During the mid 20th century, with the United States having been part of the defeat of the Axis during World War II and the beginning of Cold War with a former ally, the Soviet Union, California had two infantry divisions, the 40th and 49th, as the primary units of its Army National Guard. At the time, California had a population of thirteen million residents in 1955. As time passed, the 40th became an armor division, the 49th was inactivated, and the 40th once again became an infantry division. Later the 40th was transformed into a multi-state division, which it had originally started as in World War I, with only one of four combat brigades being primarily from California. Thus at its height during the 20th Century the California Army National Guard had at least thirty-four thousand Soldiers compared to about twenty thousand Soldiers who are serving today out of the thirty-eight million residents of the state.
As the California National Guard was not a recipient of draftees during the mid 20th century, and the National Guard remains a volunteer force, this has me wondering as to the disparity between the ratios of California Army National Guard Soldiers then compared to now. When both the 40th Infantry Division and 49th Infantry Division were active, the ratio between Soldiers to state residents in 1955 was about 1 to 382; today that ratio is about 1 to 1900. Especially after the United States, and many units of the California National Guard, has been involved in multiple conflicts since the September 11 attacks, should not California be able to support a larger number of Soldiers due to the increase of combat veterans who live in the state?
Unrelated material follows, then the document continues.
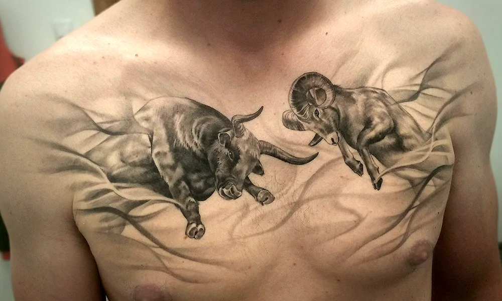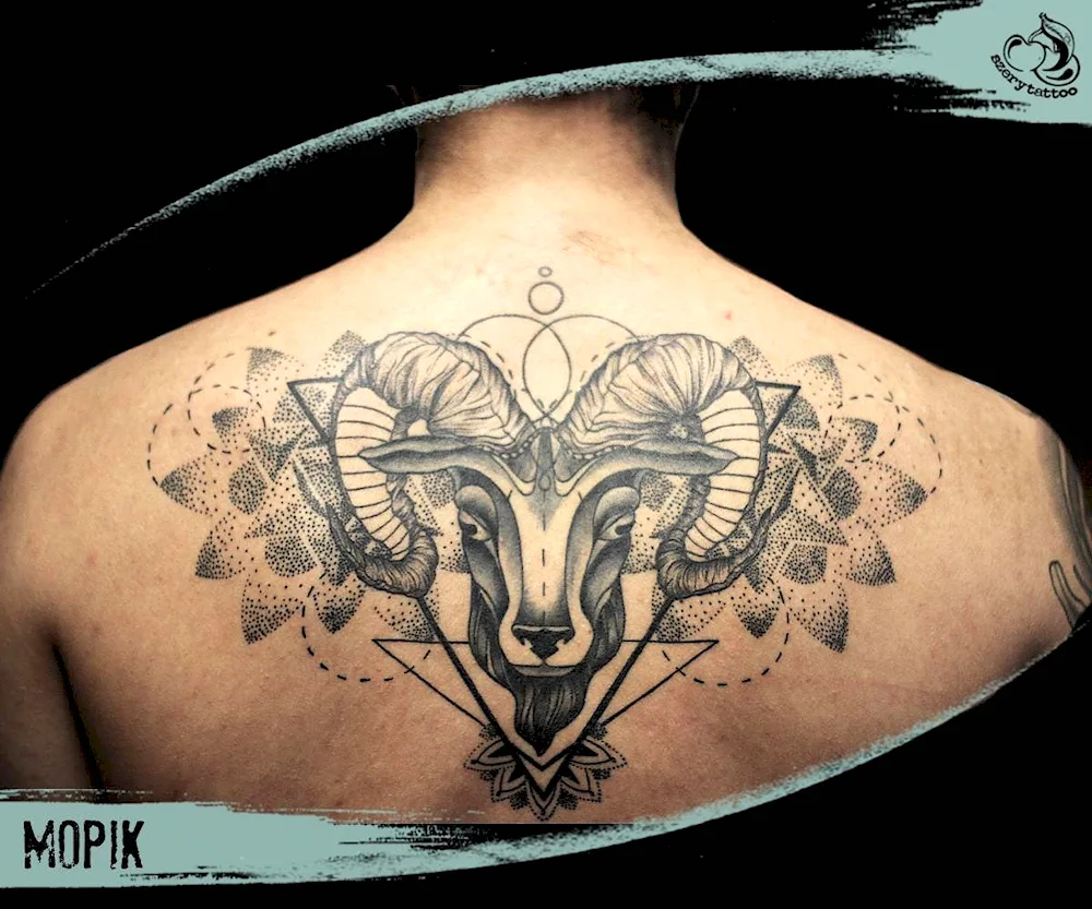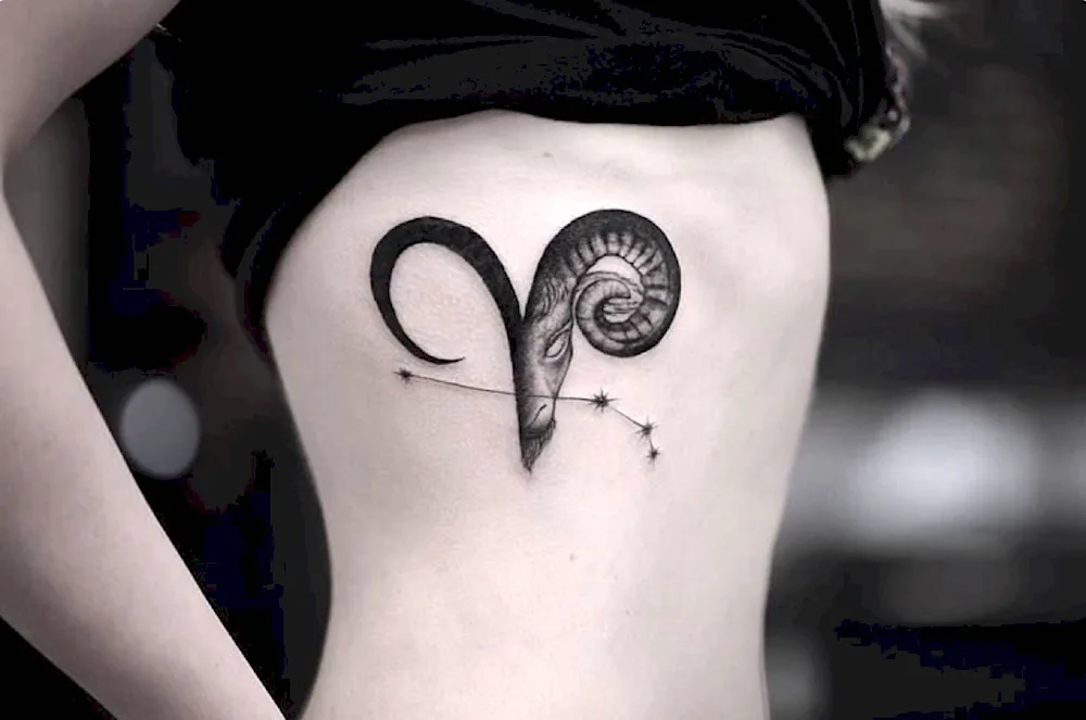 Masculine Aries tattoo designs perfect for men, featuring bold ram symbols and intricate geometric patterns for a powerful and stylish look. These tattoos showcase the pride and strength associated with the Aries zodiac sign, making them a popular choice for men looking to express their astrological identity through body art.

Therefore, here is an idea to increase the number of Soldiers serving California that may be cost effective. As I have not ran the numbers the idea is definitely open to criticism and reviewing, which I am interested in receiving, and that can only help improve the concept. Although not part of the California Army National Guard, the California Military Department has the California State Military Reserve (CSMR) and California Naval Militia. Both forces are voluntary organizations, operating under military discipline, at a relative low cost due to the units being voluntary organizations not subject to Title 10 of the U.S. Code. As California is the largest state by population in the United States it should be safe to say that it also has the largest population of combat veterans in the United States, as slightly greater than 2.5 million veterans reside in California in 2000. As I understand it, Soldiers in the CSMR pay for their own uniforms, attend drill like their National Guard counterparts, and do not receive drill pay, but paid by the state if activated.
Thus, if the CSMR begin to establish and activate units comprised of combat veterans, who meet the normal volunteering requirements for the CSMR, California should be able to increase the number of Soldiers it can call upon during times of emergency. To incentivize combat veterans to volunteer to serve in these units, the state can grant those Soldiers a deduction from their state income tax equal to the pay they would receive if they were California Army National Guard Soldiers for the drills that they attend. Depending on the number of combat veteran California residents who volunteer for these units, it could be possible to establish a new brigade. To test the concept, after necessary legislation is written and signed into law that will allow for the test of the concept, the CSMR could begin by attempting to form an infantry company, which would be about 160 Soldiers, and see how it functions. If the concept at the small scale proves successful, then the number of units can be increased following this idea, and perhaps other states can find the concept useful to them as well. If the concept proves unsuccessful, the state is only out the tax revenue that it would have received from those combat veterans who volunteered, and their unit disbanded.